Even sillier (and sadder), we play on our phones (or iPads) while watching TV. So we have TWO forms of entertainment going at the same time because this one show just isn't doing it for us. Our addiction consumes us and we think, "I need to check Facebook/Twitter/e-mail because what if someone posted/e-mailed something in the 3 minutes since I last checked??? I have to stay on top of it!" And what exactly are we staying on top of? Others' lame Facebook posts? Inane commentary about the Olympics or other current events? An e-mail from Groupon? Nothing that enriches our lives in any way. 

This constant need to "be on top of it" is overwhelming and causes undue stress. (My friend just informed me that there is a term for this: FOMO, or Fear of Missing Out.

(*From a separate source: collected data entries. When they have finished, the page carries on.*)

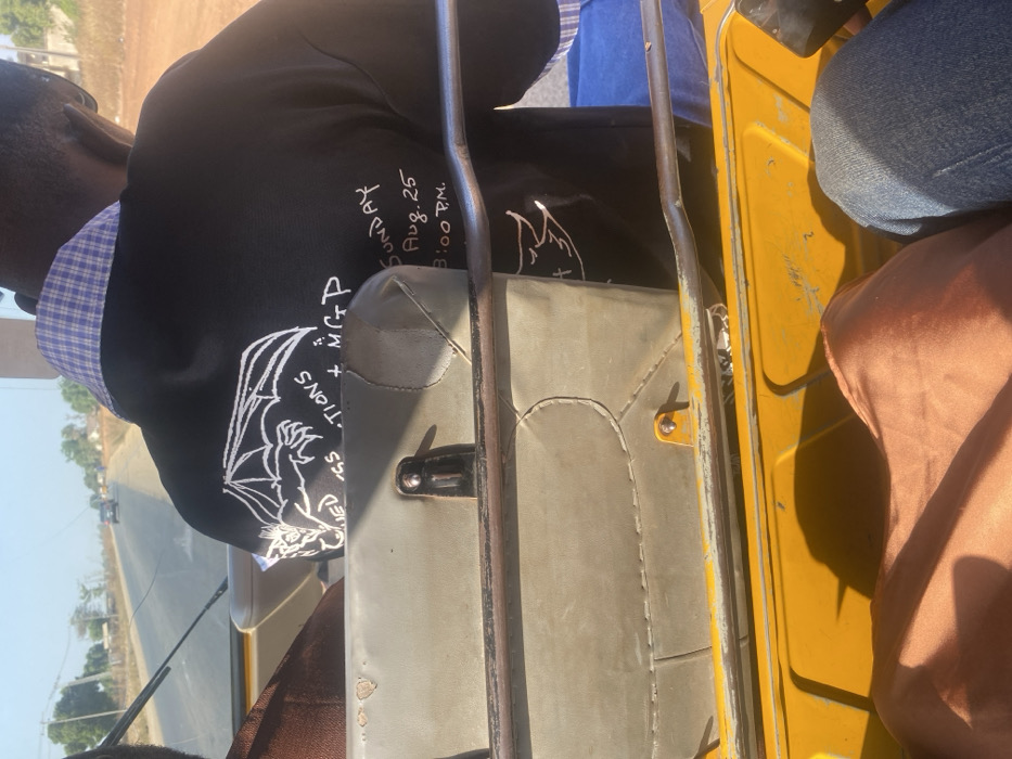 The image captures a view from inside a moving vehicle on a road in Katcha, Nigeria. In the foreground, the lower body of a person is visible, with one leg covered by orange fabric and the other by blue jeans, resting on a yellow metal floor. Immediately in front, the back of another person is visible, wearing a black t-shirt featuring a white graphic of a winged creature and partial text "ED SS CTIONS + MGP" and "SUNDAY Aug. 25 3:00 P.M." A blue and white checkered shirt collar is visible beneath the t-shirt. A worn, light grey upholstered seat back with metal fixtures is positioned between the foreground and the person in front. Beyond the vehicle's interior, a paved road extends into the distance under bright daylight, bordered by sparse vegetation and distant structures. A vehicle is discernible in the far distance on the road.
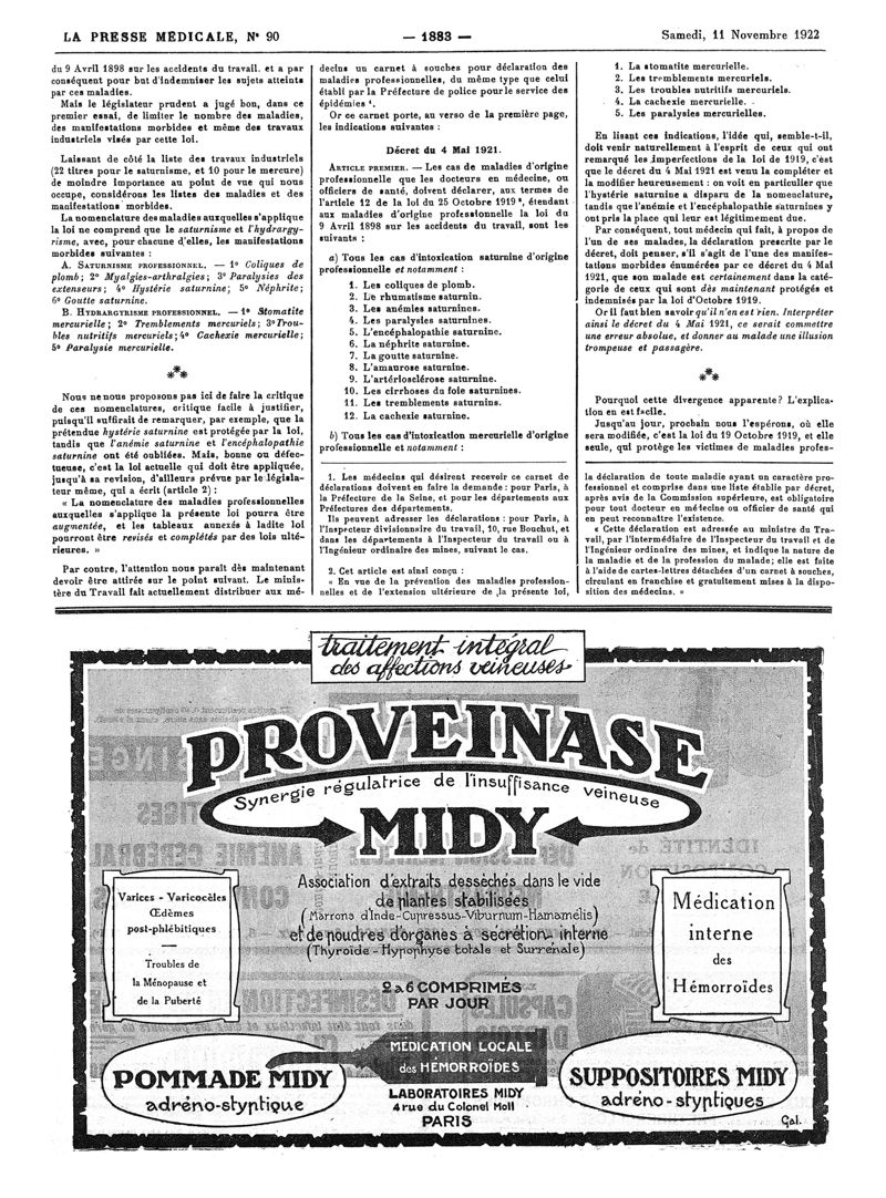 1922, Volume d'annexes. -
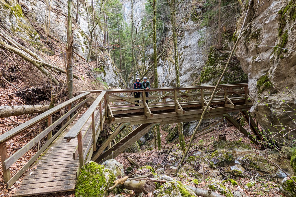 Kilenc óra lehet, amikor nekiveselkedünk a Kőszikla-szurdoknak (Steinwandklamm). A belépő fizetős, ami nem gond, hisz a szurdokban vezető pallózat rendszeres karbantartást igényel. Eme segédletek nélkül, teljességgel átjárhatatlan lenne, legalábbis a közönséges halandók számára.
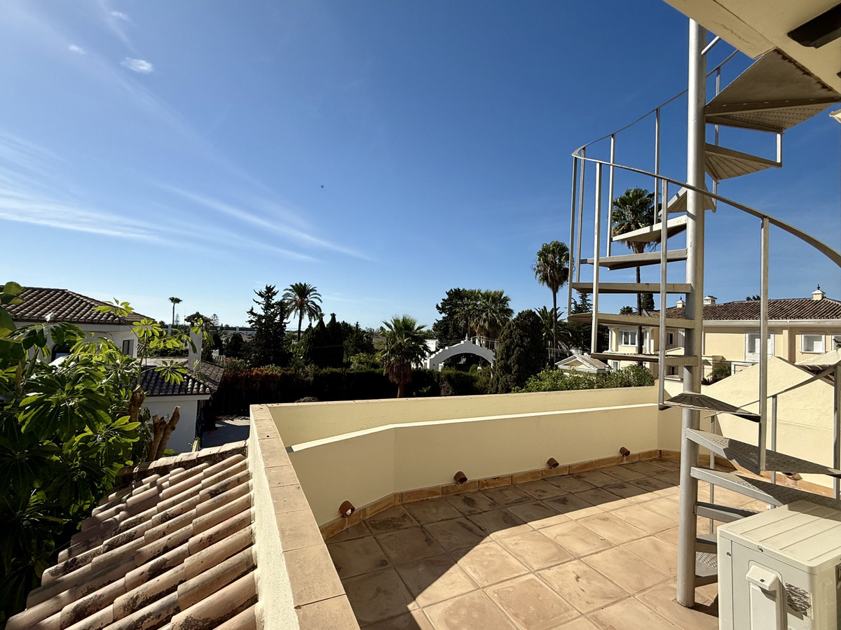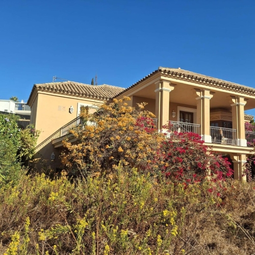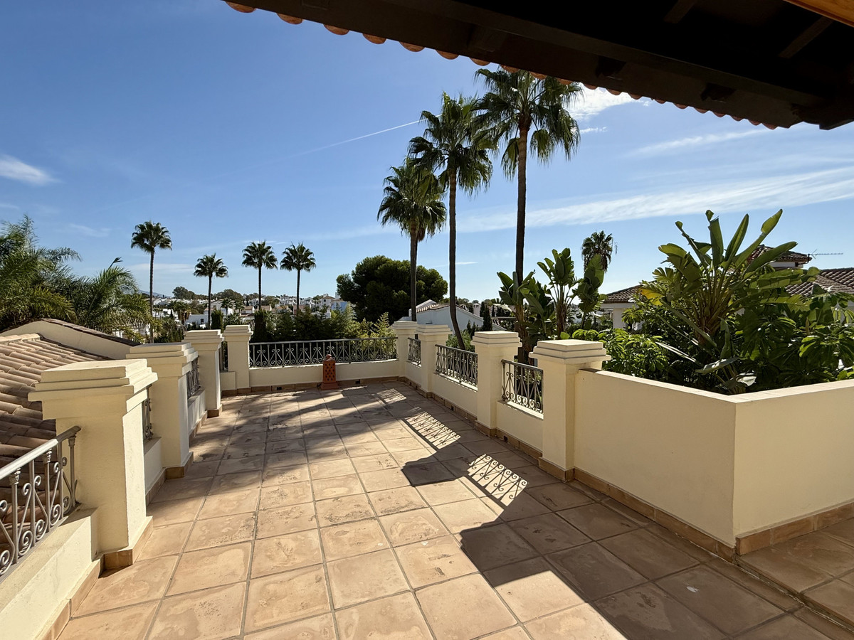 This great property has just come to the market at a very competitive price. It's an Ideal location, walking distance to several commercial centers make it very desirable for those who don't want to take the car to enjoy facilities and restaurants, supermarket, pharmacy, gym or a nice coffee shop. The property is in a lovely condition. The villa has a nice elegant andalusian style. The entrance hall connect to the right with the separate dining room, the fully fitted kitchen ad the large covered and uncovered terrace to the landscaped mature and very private garden and pool. The spacious living room has a high ceiling with wooden beams. On the same level we find two bedrooms with en suite bathroom. A nice stair case bring us up tot he first floor where we find a large and very bright bedroom and the master bedroom with , ensuite bathroom and access to a large very sunny uncovered terrace with lovely mountain views. Going down to the basement we find a games room, a hobby room with bathroom and the very large garage for several cars. Also the utility room. This great family property enjoys a fantastic mature garden and a lovely entrance area. International schools like Atalaya, San José in Guadalmina are just nearby. Proximity to all facilities as several golf courses like El Paraiso, Atalaya or los Flamingos, the beach at 15 minutes walk, The lovely El Campanario sport club with fantastic indoor pool, gym, spa and much more make this a unique family home. A visit is highly recommended.
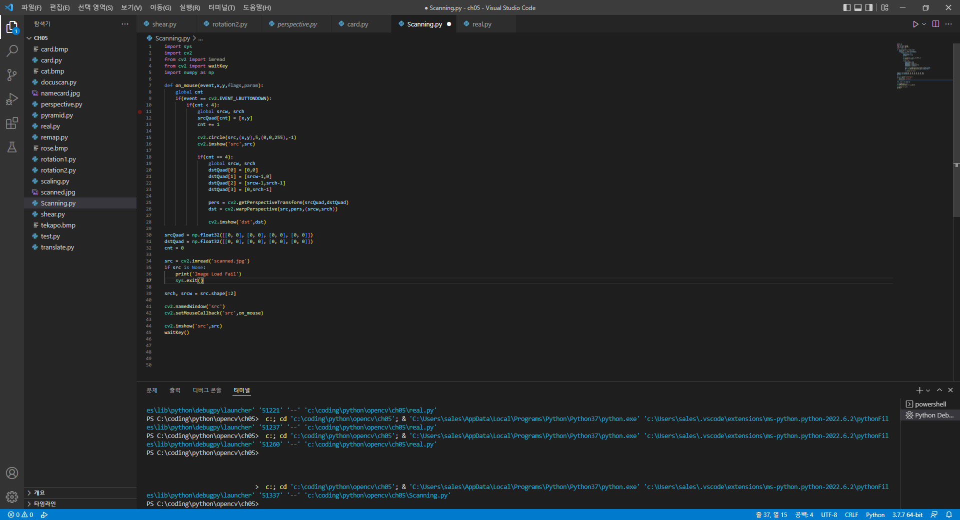 | [Open CV] 기하학적 변환 _ 영상의 회전 (0) | 2022.05.25 |
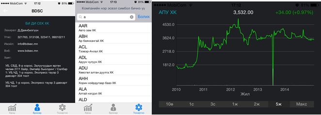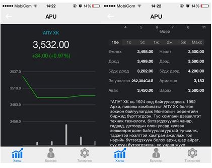 Монголын хөрөнгийн бирж нь өдөр тутмын арилжааны болон ханшийн мэдээллийг түгээх гар утас болон хөдөлгөөнт төхөөрөмжид зориулагдсан мобайл апплекейшны анхны хувилбарыг 2014 оны 10 дугаарын сарын 24 –ний өдөр хэрэглээнд нэвтрүүлсэн билээ.
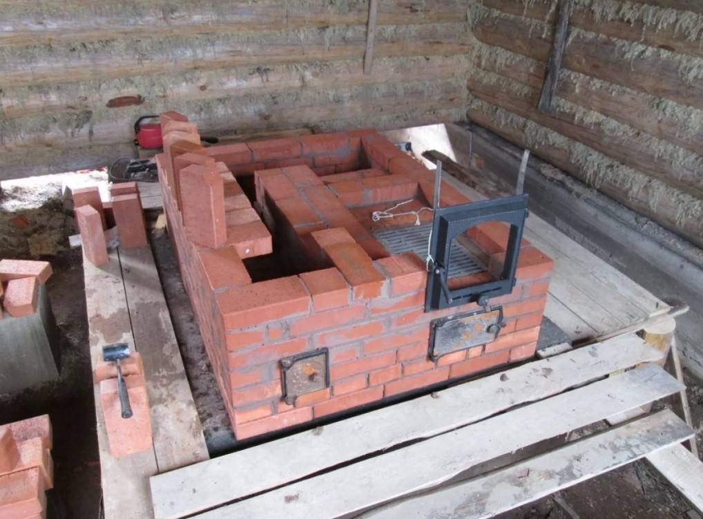 Чтобы устроить в бане кирпичную печь с каменкой, выбирают место в парной с учетом размеров. Самые распространенные варианты – 3,5х4 кирпича (в плане 89х102 см) или 4х5 кирпичей (102х129 см). Обязательно обеспечивают противопожарный отступ от стенки печи до горючих конструкций бани не меньше 40 см. Топочную дверцу обычно выпускают в предбанник.

I don't watch The Kardashians, thus did not know this term until today.) What is this new need for constant entertainment and interaction? This is a relatively new phenomenon because 7 years ago we had boring, traditional phones that we used simply to talk and text, and we didn't feel compelled to play with them all the time. It's kind of sad that we're so accustomed to this constant stimulation that we don't know what to do with ourselves during those quiet moments. Even sadder that this addiction causes thousands of accidents and deaths every year, due to distracted driving.

Why are we creating more stress for ourselves? It's really nice to go on vacation where you don't have service and after a couple of days, you realize you don't give a damn about what's going on on Facebook. Or e-mail. Or whatever. The more disconnected I am, the better I feel. More relaxed. More zen. Then I go back to work and get re-consumed. I need to find a happy medium. And I don't even think I'm one of the worst addicts, either. On a scale of 1 to 10, if 1 means you don't own a cell phone and 10 means your phone is an extension of your arm, I'm probably a 6 or 7. Some people cannot be without their phone in their hand for 5 minutes. 

I'm going to do an experiment and for one week (or maybe a couple days, we'll see how it goes), I'll only use my phone when "necessary." By necessary, I mean I'll make/answer phone calls, write/respond to texts, check e-mail if I'm expecting a specific one, and possibly play Words with Friends (I can't keep my friends waiting!). But if I'm just playing with my phone for the hell of it, then I'll see what it's like to just chill. And be silent. And think. Maybe I'll feel less overwhelmed? Calmer? More zen? The goal is not to stop using my phone but to be less dependent on it for entertainment and less consumed by the FOMO. We'll see how I do.